- RECORDS FOR THE EXERCISE
- - - -
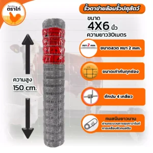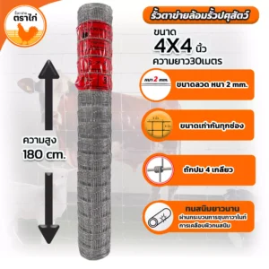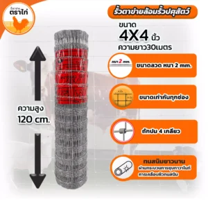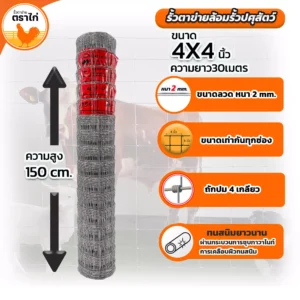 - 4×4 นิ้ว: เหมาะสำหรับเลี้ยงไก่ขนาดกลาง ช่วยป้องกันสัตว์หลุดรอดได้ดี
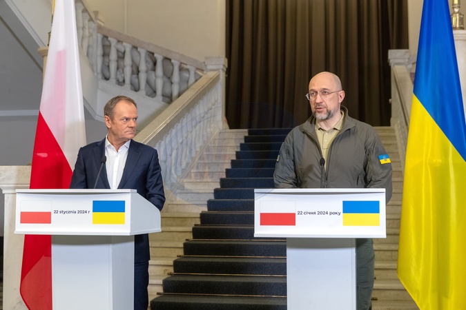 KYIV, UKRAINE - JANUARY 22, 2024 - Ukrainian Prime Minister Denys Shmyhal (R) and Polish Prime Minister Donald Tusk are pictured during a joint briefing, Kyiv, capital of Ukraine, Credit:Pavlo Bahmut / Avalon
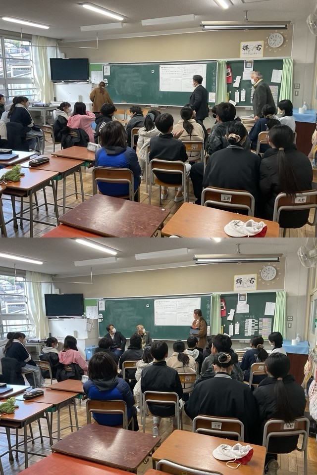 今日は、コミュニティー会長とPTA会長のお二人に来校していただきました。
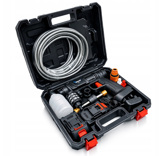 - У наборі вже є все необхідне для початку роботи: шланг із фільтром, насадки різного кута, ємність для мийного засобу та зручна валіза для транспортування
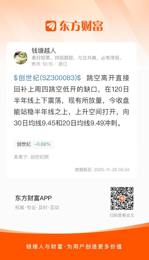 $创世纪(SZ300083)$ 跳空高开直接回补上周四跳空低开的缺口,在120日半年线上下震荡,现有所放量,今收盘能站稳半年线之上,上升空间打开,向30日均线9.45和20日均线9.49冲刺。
- - - -
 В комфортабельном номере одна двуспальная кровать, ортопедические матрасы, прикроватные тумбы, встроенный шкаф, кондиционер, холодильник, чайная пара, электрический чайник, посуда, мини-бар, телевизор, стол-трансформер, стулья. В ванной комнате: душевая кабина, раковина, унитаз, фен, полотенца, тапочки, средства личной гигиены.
- - - -
- TASK REQUIREMENTS
In the entries above, find the line with "KYIV, UKRAINE - JANUARY" and the line with "- У наборі вже". Return exactly those lines and all the ones between them, pictures excluded.

- RESULT
 KYIV, UKRAINE - JANUARY 22, 2024 - Ukrainian Prime Minister Denys Shmyhal (R) and Polish Prime Minister Donald Tusk are pictured during a joint briefing, Kyiv, capital of Ukraine, Credit:Pavlo Bahmut / Avalon
 今日は、コミュニティー会長とPTA会長のお二人に来校していただきました。
 - У наборі вже є все необхідне для початку роботи: шланг із фільтром, насадки різного кута, ємність для мийного засобу та зручна валіза для транспортування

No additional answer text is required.